***** Supplied material *****
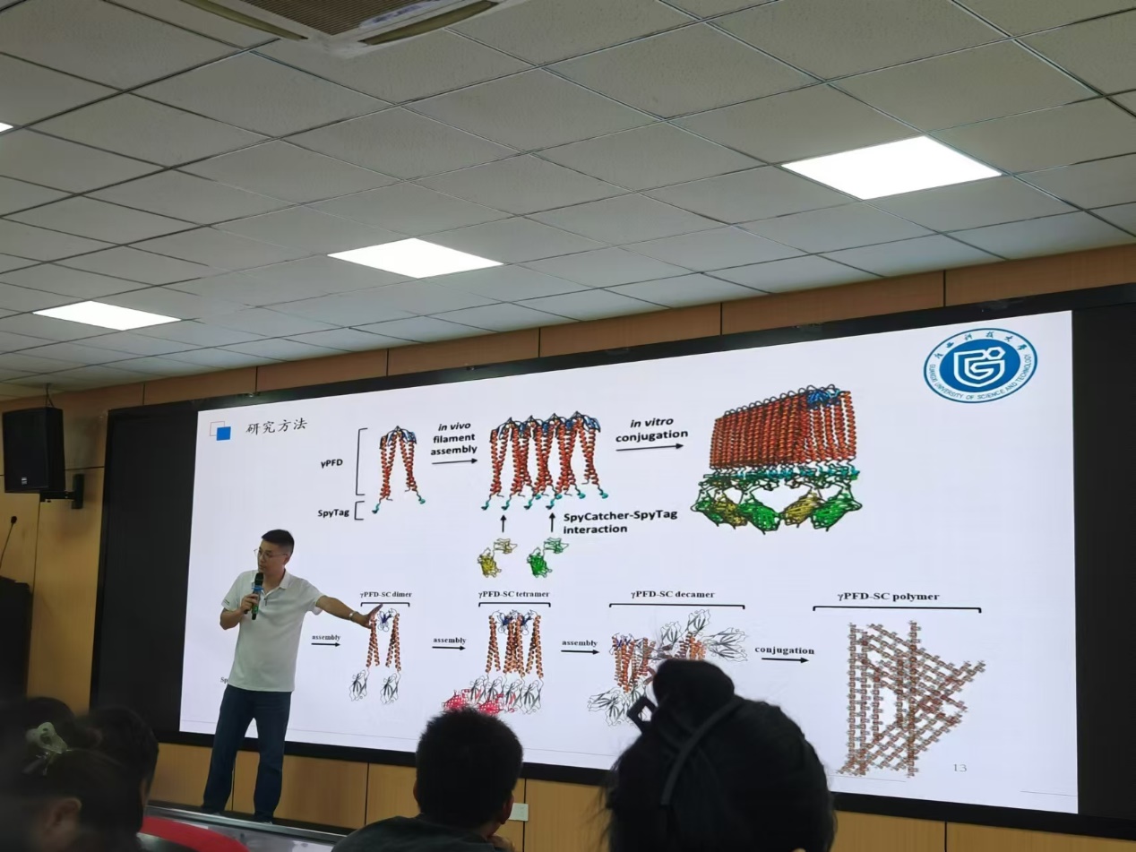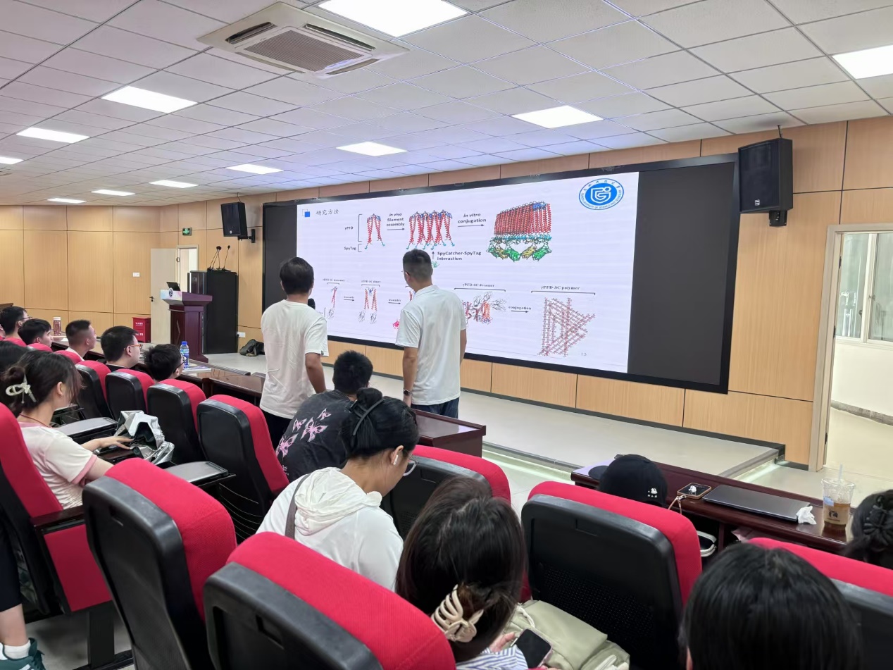 講座伊始,牛福星老師從15年前生物相關(guān)專業(yè)被稱為“天坑”說起,到如今合成生物產(chǎn)業(yè)成為我國(guó)重要的新質(zhì)生產(chǎn)力為大家做了專業(yè)引導(dǎo)。接著,他提到生物產(chǎn)業(yè)思維由“格物致知”到“造物致知,造物致用”的轉(zhuǎn)變,目前可以合成世界60%以上化學(xué)品,涉及生物醫(yī)藥、食品、紡織、能源等各個(gè)領(lǐng)域。同時(shí),他也指出目前合成生物領(lǐng)域依然存在諸多挑戰(zhàn),為此希望進(jìn)行一種自組裝的 γPFD-SpyCatcher 水凝膠支架,用于 SpyTag 酶的共固定化,以促進(jìn)調(diào)節(jié)酶的催化研究。他向大家介紹了在實(shí)驗(yàn)過程中通過不斷的嘗試和摸索,得到了基于γPFD-SpyCatcher的納米支架水凝膠物。
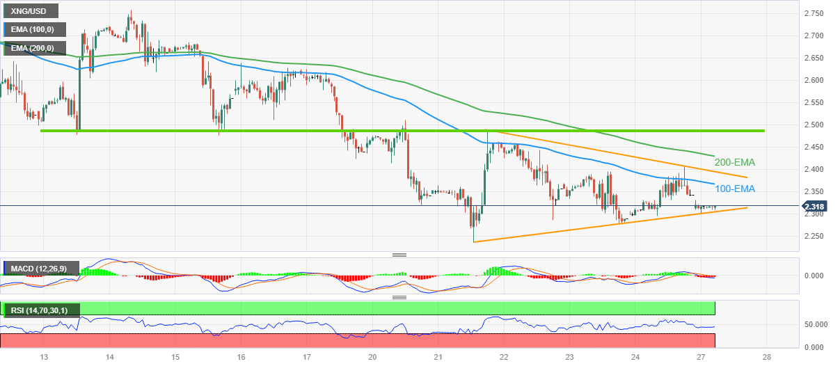 另一方面,100EMA均缐在2.36美元附近限制价格上行,若突破该位,关注4日前的对称三角形顶部缐2.40美元附近。
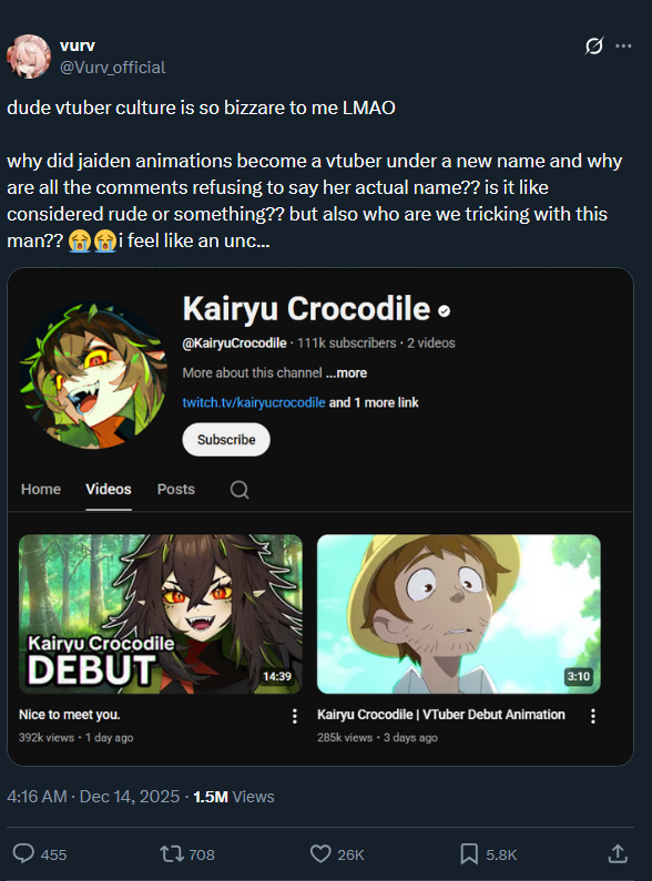 >Kairyu is actually respecting vtubing as a medium, deleting comments that mention her roommate at shit>Twitter shits itself going "I DON'T UNDERSTAND"Jesus christ
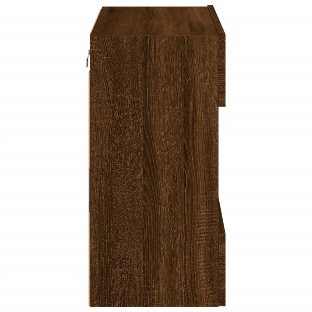 Meuble TV mural avec lumières LED aspect chêne marron
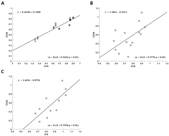 Analysis of clinical data from 15 patients revealed significant correlations between CCIA and both FFR (R = 0.5775, p < 0.05) and the iFR (n = 11, R = 0.7578, p < 0.01). Detailed results, including the vessel type and the CCIA, iFR, and FFR values, are presented in Table 2.
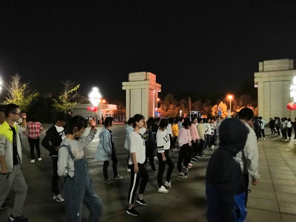 夜色将至,同学们聚集在北区广场开始进行啦啦操项目的训练。首先,在领操同学的带领下,同学们开始了热身运动。随后,训练正式开始了。领操同学耐心地将动作分解开,一步一步地教给同学们。据悉,啦啦操训练要求每位队员的每个动作必须到位,队伍动作整齐划一。动作的协调与整齐问题始终困扰着啦啦操队伍,却没能打击到同学们。长时间的排练,同学们却没有倦怠,个个精神饱满,状态良好。无数遍重复,没有打击同学们的信心。汗流浃背,也没有让同学们放弃。不断训练,看到一点一点的进步,让每一位同学都欣喜不已。“好难,但是很喜欢这样大家一起努力,一起进步的感觉,很有成就感。”一位训练的同学如是说道。
*****
Instructions for the task:
Each entry above is to be written out again unchanged, apart from the pictures, which are left out.

Solution for this problem:
 講座伊始,牛福星老師從15年前生物相關(guān)專業(yè)被稱為“天坑”說起,到如今合成生物產(chǎn)業(yè)成為我國(guó)重要的新質(zhì)生產(chǎn)力為大家做了專業(yè)引導(dǎo)。接著,他提到生物產(chǎn)業(yè)思維由“格物致知”到“造物致知,造物致用”的轉(zhuǎn)變,目前可以合成世界60%以上化學(xué)品,涉及生物醫(yī)藥、食品、紡織、能源等各個(gè)領(lǐng)域。同時(shí),他也指出目前合成生物領(lǐng)域依然存在諸多挑戰(zhàn),為此希望進(jìn)行一種自組裝的 γPFD-SpyCatcher 水凝膠支架,用于 SpyTag 酶的共固定化,以促進(jìn)調(diào)節(jié)酶的催化研究。他向大家介紹了在實(shí)驗(yàn)過程中通過不斷的嘗試和摸索,得到了基于γPFD-SpyCatcher的納米支架水凝膠物。
 另一方面,100EMA均缐在2.36美元附近限制价格上行,若突破该位,关注4日前的对称三角形顶部缐2.40美元附近。
 >Kairyu is actually respecting vtubing as a medium, deleting comments that mention her roommate at shit>Twitter shits itself going "I DON'T UNDERSTAND"Jesus christ
 Meuble TV mural avec lumières LED aspect chêne marron
 Analysis of clinical data from 15 patients revealed significant correlations between CCIA and both FFR (R = 0.5775, p < 0.05) and the iFR (n = 11, R = 0.7578, p < 0.01). Detailed results, including the vessel type and the CCIA, iFR, and FFR values, are presented in Table 2.
 夜色将至,同学们聚集在北区广场开始进行啦啦操项目的训练。首先,在领操同学的带领下,同学们开始了热身运动。随后,训练正式开始了。领操同学耐心地将动作分解开,一步一步地教给同学们。据悉,啦啦操训练要求每位队员的每个动作必须到位,队伍动作整齐划一。动作的协调与整齐问题始终困扰着啦啦操队伍,却没能打击到同学们。长时间的排练,同学们却没有倦怠,个个精神饱满,状态良好。无数遍重复,没有打击同学们的信心。汗流浃背,也没有让同学们放弃。不断训练,看到一点一点的进步,让每一位同学都欣喜不已。“好难,但是很喜欢这样大家一起努力,一起进步的感觉,很有成就感。”一位训练的同学如是说道。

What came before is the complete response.